Albino mice cells turned black

A mutation gives albino mice white fur and pink eyes

Dr Eric Kmiec: "This is an exciting and important discovery"
American researchers have turned albino mice cells black.

A team from the Jefferson Medical College, Philadelphia, used what they describe as a "gene repair" technique to genetically change white albino mice colour-producing cells to black.

[ image: Albino cells lack melanin]
Albino cells lack melanin
Not only did the cells turn black, but the scientists showed for the first time that such changes are both permanent and can be passed to offspring.

They hope the work can be developed into a new form of gene therapy - a type of treatment that can correct the genetic mutations that give rise to some hereditary diseases.

Point mutation

The mutation in albino mice - which gives them their white fur and pink eyes - is caused by a mutation in the tyrosinase gene.

[ image: Pigmentation was restored]
Pigmentation was restored
The mutation inactivates an enzyme that is supposed to make melanin, which gives skin and fur its colour.

By correcting this single alteration in the gene, known as a 'point mutation,' tyrosinase activity was restored and melanin was again produced, changing the colour of the mice cells.

"Melanin-producing cells become normal, changing albino to black," says Dr Kyonggeun Yoon, associate professor of dermatology and cutaneous biology and biochemistry and molecular pharmacology at the Jefferson Medical College, Thomas Jefferson University, Philadelphia.
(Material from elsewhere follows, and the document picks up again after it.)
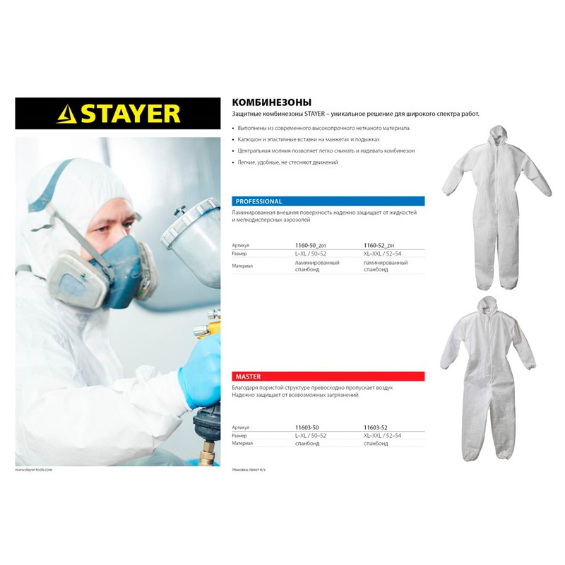 STAYER 50-52, из полипропилена, капюшон, комбинезон защитный 1160-50

"Once the mutation is corrected, it takes five or six days for the entire biochemical process to begin producing melanin."

Gene repair

The gene-repair technique was actually developed by Dr Yoon and a colleague, Dr Eric Kmiec, several years ago.
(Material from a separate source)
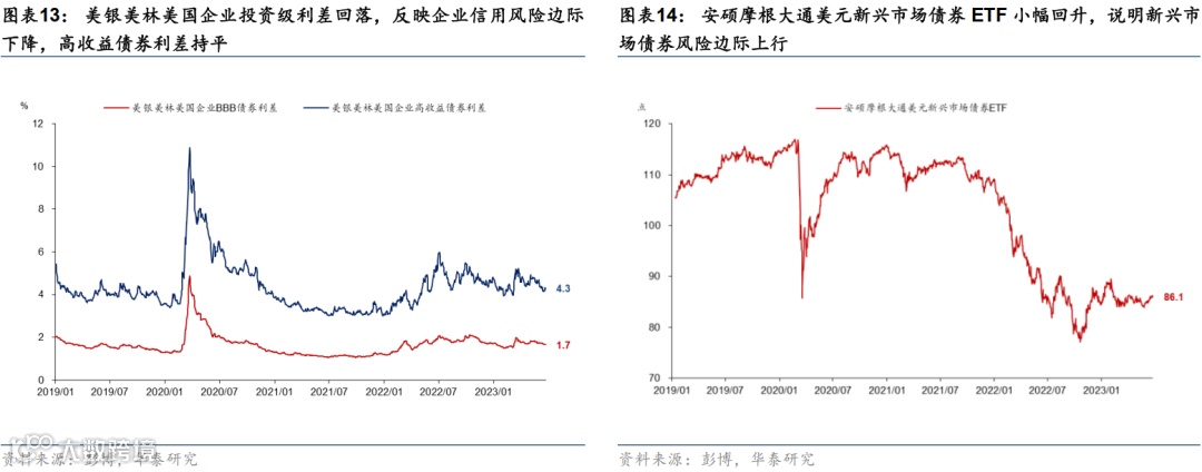海外信用风险:1)企业信用利差,美银美林美国企业投资级(BBB)债和高收益债券利差水平越高,企业融资成本和难度越大,而安硕摩根大通美元新兴市场债券ETF表示以美元计价的新兴市场债券价格,价格越低表示新兴市场债券收益率越高,新兴市场企业融资成本和难度越大。2)信用违约掉期,北美CDX指数(投资级企业)、欧洲Itraxx指数(投资级企业)和主要银行的CDS指数越高,代表债券违约风险越大。

[ image: Dr Yoon: A lot of work still needed]
Dr Yoon: A lot of work still needed
It requires the synthesis of a strand of DNA interspersed with its chemical cousin RNA. This small locates and grabs hold of the part of the gene that has the fault and then stimulates the cell's own repair mechanism.

It scans the DNA looking for any mismatches or two strands of DNA that do not seem in sync.

When it finds a mismatch, it replaces one of the chemical bases - the letters in the genetic code - with one that fits better.

Dr Yoon says the gene-repair technique is far from perfected.

"Much more research is needed to improve the design and make this technology generally applicable. Skin is an ideal organ on which to test this technology since it is accessible and can be monitored."

Dr Eric Kmiec comments on the research: "To my knowledge this is the first demonstration of trait reversal in any mammalian system."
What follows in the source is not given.